Dentro de este ecosistema, Singapur se ha consolidado como el gran hub financiero del lujo en Asia. Su estabilidad política, su régimen fiscal favorable, la elevada concentración de grandes fortunas y su posición estratégica en el Sudeste Asiático han convertido a la ciudad-estado en la base regional de numerosas firmas internacionales. El mercado del lujo en Singapur supera ya los 13.900 millones de dólares singapurenses, aproximadamente 9.500 millones de euros, y mantiene uno de los ritmos de crecimiento más elevados del sector. Desde allí muchas empresas coordinan sus operaciones para toda la región, mientras la ciudad atrae a compradores de Indonesia, Malasia, Tailandia, Vietnam y otros países vecinos que viajan específicamente para adquirir artículos de alta gama.

Si Singapur representa el centro financiero, Tokio es considerada por muchos expertos la capital mundial del lujo vintage. Barrios como Ginza, Omotesandō y Shibuya concentran decenas de boutiques especializadas donde es posible encontrar bolsos, relojes, joyas y accesorios de marcas como Hermès, Chanel, Louis Vuitton, Dior o Rolex en estados de conservación excepcionales. Japón posee una de las legislaciones más estrictas del mundo contra la falsificación y las tiendas están sometidas a rigurosos procesos de autentificación, lo que ha generado una enorme confianza internacional. Además, la cultura japonesa del cuidado de las pertenencias hace que muchos artículos de segunda mano con diez o incluso veinte años de antigüedad presenten un estado prácticamente impecable. Por ello, numerosos coleccionistas consideran que comprar un bolso vintage en Tokio ofrece mayores garantías que hacerlo en muchas ciudades europeas, donde la oferta suele estar más fragmentada y el riesgo de falsificaciones es superior.

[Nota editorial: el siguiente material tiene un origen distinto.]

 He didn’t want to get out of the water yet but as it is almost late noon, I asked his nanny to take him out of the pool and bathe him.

El liderazgo asiático también es evidente en el mercado internacional de subastas. Casas como Sotheby’s, Christie’s y Phillips han observado cómo compradores procedentes de Hong Kong, Singapur, China continental, Japón, Taiwán y Corea del Sur protagonizan cada vez más las pujas de mayor valor. En categorías como bolsos Hermès Birkin y Kelly, relojes Rolex, Patek Philippe o Audemars Piguet, joyería de alta gama y piezas de edición limitada, los compradores asiáticos representan una parte muy significativa de las ventas millonarias. En algunas subastas internacionales dedicadas exclusivamente a bolsos y accesorios de lujo, Asia concentra cerca del 40 % de los compradores registrados, una cifra que continúa aumentando conforme crece el número de grandes patrimonios en la región.

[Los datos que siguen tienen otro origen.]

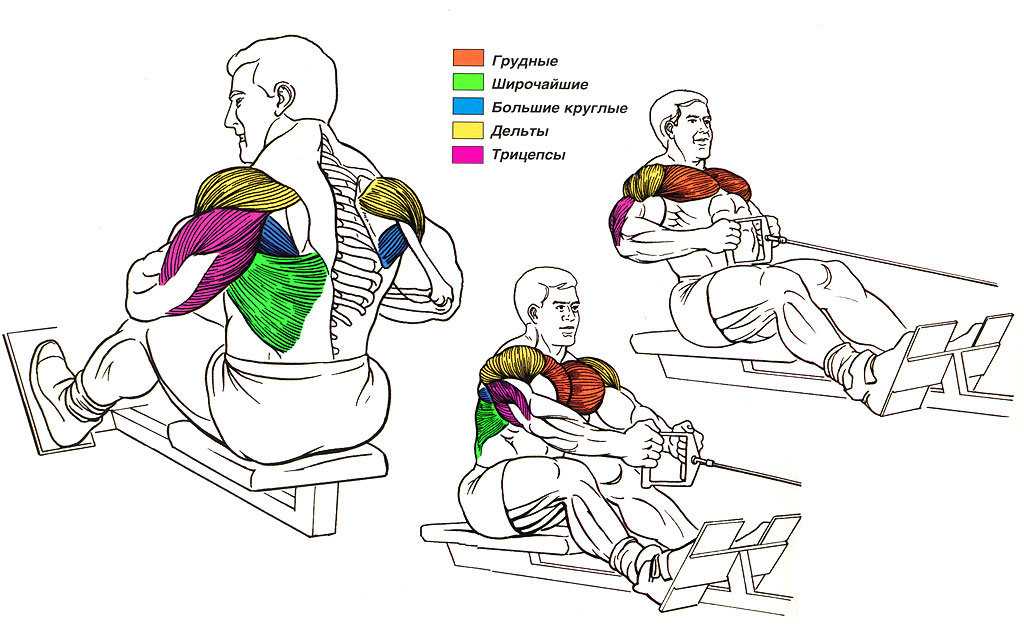 - Подтягивание рукоятки на близкое расстояние к поясу (за счет бицепса).

Actualmente, los principales hubs del lujo en Asia se distribuyen por especialización. Singapur actúa como el gran centro financiero y comercial del Sudeste Asiático; Tokio domina el mercado del lujo vintage y de colección; Hong Kong mantiene una posición privilegiada en las subastas internacionales y el comercio de arte y joyería; Shanghái es la gran puerta de entrada al mercado chino para las firmas internacionales; y Seúl se ha convertido en uno de los mercados con mayor consumo de moda y lujo per cápita del mundo gracias al auge de la cultura coreana y de una población joven con gran capacidad de gasto. Este desplazamiento del centro de gravedad hacia Asia ha transformado completamente la estrategia de las grandes maisons. Aunque Europa continúa siendo el lugar donde nacen muchas de las marcas más prestigiosas, es Asia quien impulsa gran parte de las ventas, del crecimiento y de la inversión futura del sector. Hoy resulta difícil entender la evolución del mercado global del lujo sin tener en cuenta el enorme peso económico de los consumidores asiáticos, que no solo compran más, sino que también lideran las tendencias, impulsan el mercado vintage y protagonizan las adquisiciones más importantes en las grandes subastas internacionales.